E no início era o rock' n' roll. O de Bill Haley, Elvis, Little Richard, Buddy Holly e Chuck Berry. A bossa nova dava os primeiros passos com João Gilberto e James Brown arrancava na sua jornada funk. A estreia de John Fahey era, portanto, um O.V.N.I. que na primeira edição contou apenas com 100 exemplares, tais eram as expectativas comerciais de Blind Joe Death. E foi com apenas 100 edições tornou-se num dos discos mais importantes de sempre. É como aquele mito (?) que diz que apenas uns milhares compraram a estreia dos Velvet Undeground, mas todos os que o compraram formaram uma banda - Fahey influenciou, entre muitos outros, senhores como Pete Thousand, Thurston Moore, Beck, mais recentemente William Tyler e - porque não? - Norberto Lobo.



O título terá sido em parte uma sugestão de um amigo: na altura, quase todos os artistas blues eram Blind qualquer coisa - Blind Willie Johnson, Blind Boy Fuller, Blind Joe Taggart, etc. Chegou a criar uma história à volta da personagem fictícia que dá título ao disco, levando-o por vezes a palco, através da sua personificação - conduzido a palco pelo braço e de óculos escuros. A outra parte da justificação do título estará no mais antigo fascínio da humanidade: a morte. Aliás, Fahey dizia sentir um instinto mórbido na altura. É fácil acreditar, o génio do fingerpicking era um alcoólico com aquela atitude muito punk (muito antes de o punk existir) de desresponsabilização e do it yourself - aprendeu tudo sozinho e criou a sua própria editora quase exclusivamente para se editar a si próprio. 


Blind Joe Death foi gravado na sua casa, em Takoma Park, Maryland. Ainda hoje vive (e como vive!) para lá dela e daqueles míticos (e hoje caríssimos) 100 exemplares. 


sábado, 6 de setembro de 2014

[Fundo de Catálogo] Chuck Berry - After School Session (1957)


Quando After School Session "rebentou", Chuck Berry já tinha editado dois dos seus mais celebres singles, "Maybellen" (1955) e "Roll Over Beethoven" (1956). O álbum de estreia do preto que passava por branco na rádio foi gravado ao longo de dois anos e representou o segundo longa duração da Chess Records - o primeiro tinha sido o da banda sonora do filme Rock, Rock, Rock!, de onde saiu a icónica capa desta estreia.

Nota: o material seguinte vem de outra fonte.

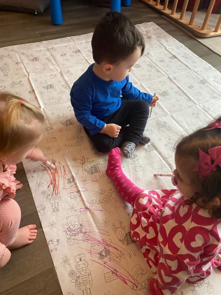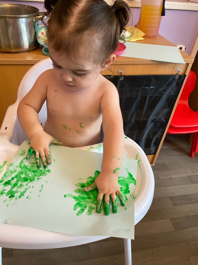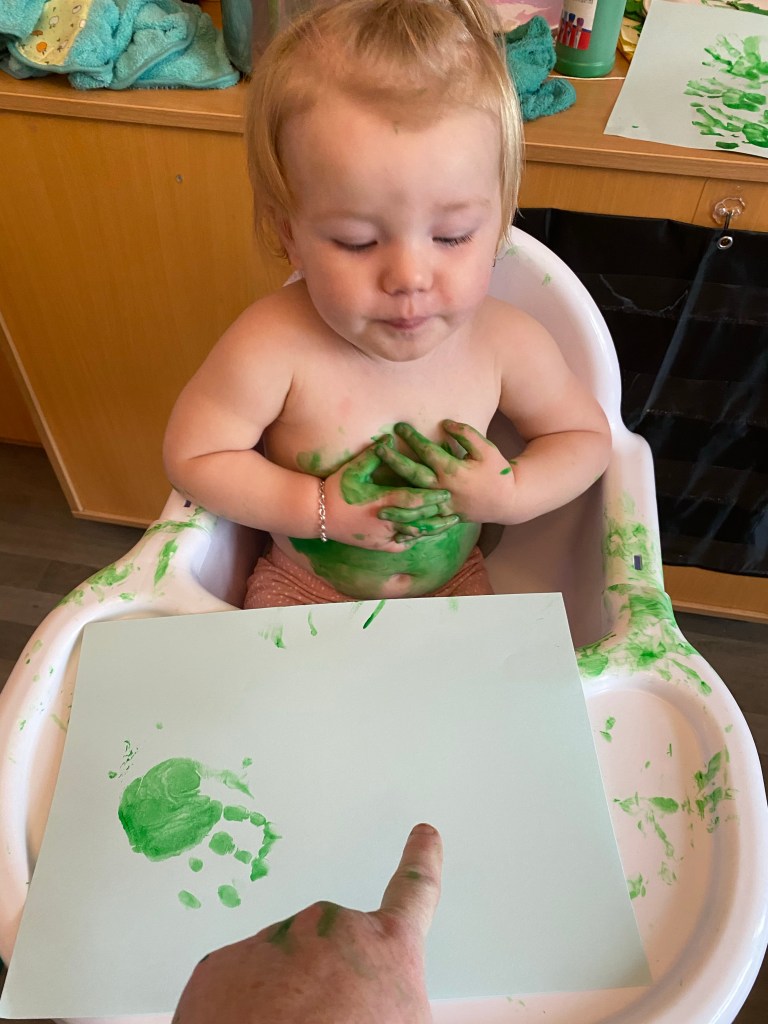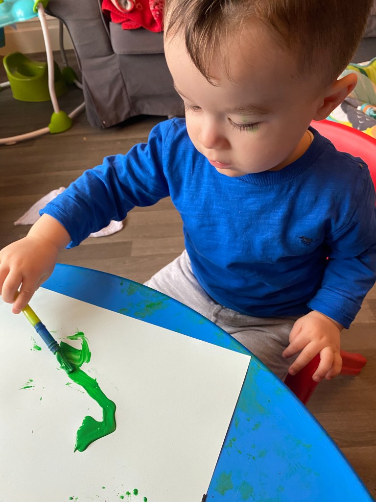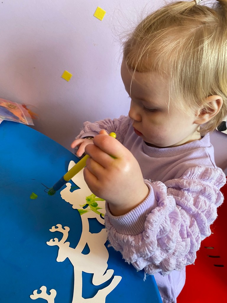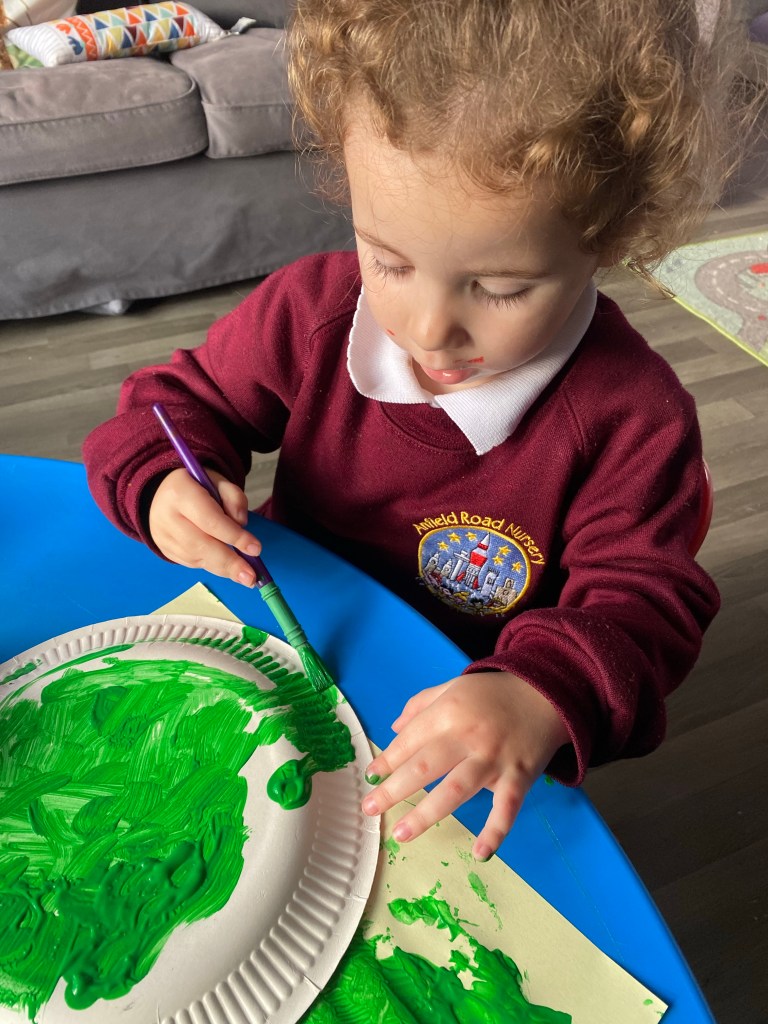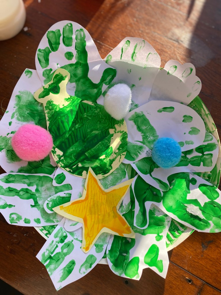We started our crafts by making a Christmas wreath. All the children made green hand prints, except for Elliott, he doesn’t like getting his hands messy. Elliott painted a green picture instead and we cut out shapes to add to the plate.

Apadrinhado por Muddy Waters, Berry destaca-se no vestuário impecavelmente engomado e penteado milimetricamente trabalhado, mas o grande segredo está na forma como se mexia em palco - ora a tocar guitarra, com os pés e os joelhos a formarem um triângulo quase equilátero, ora quando se curva e aponta a guitarra como se de uma arma de fogo se tratasse - uma influência clara para Angus Young, o eterno "anão" dos AC/DC.



Reza a lenda que a mais famosa canção de After School Session e de todo o legado de Chuck Berry, "Roll Over Beethoven", é uma provocação à irmã que passava o tempo todo agarrada ao piano a tocar composições clássicas. Isto resume muito bem o legado de Berry: as suas canções são na verdade histórias - é-lhe muitas vezes atribuído o título de primeiro songwriter -, histórias que a música popular haveria de abraçar anos depois.

Dylan, os Stones, os Beatles, os AC/DC, Bruce Springsteen, só para citar de cabeça, foram todos tocados pela enorme influência do tipo singular e impecavelmente vestido que furava a América rascista cantando como um branco.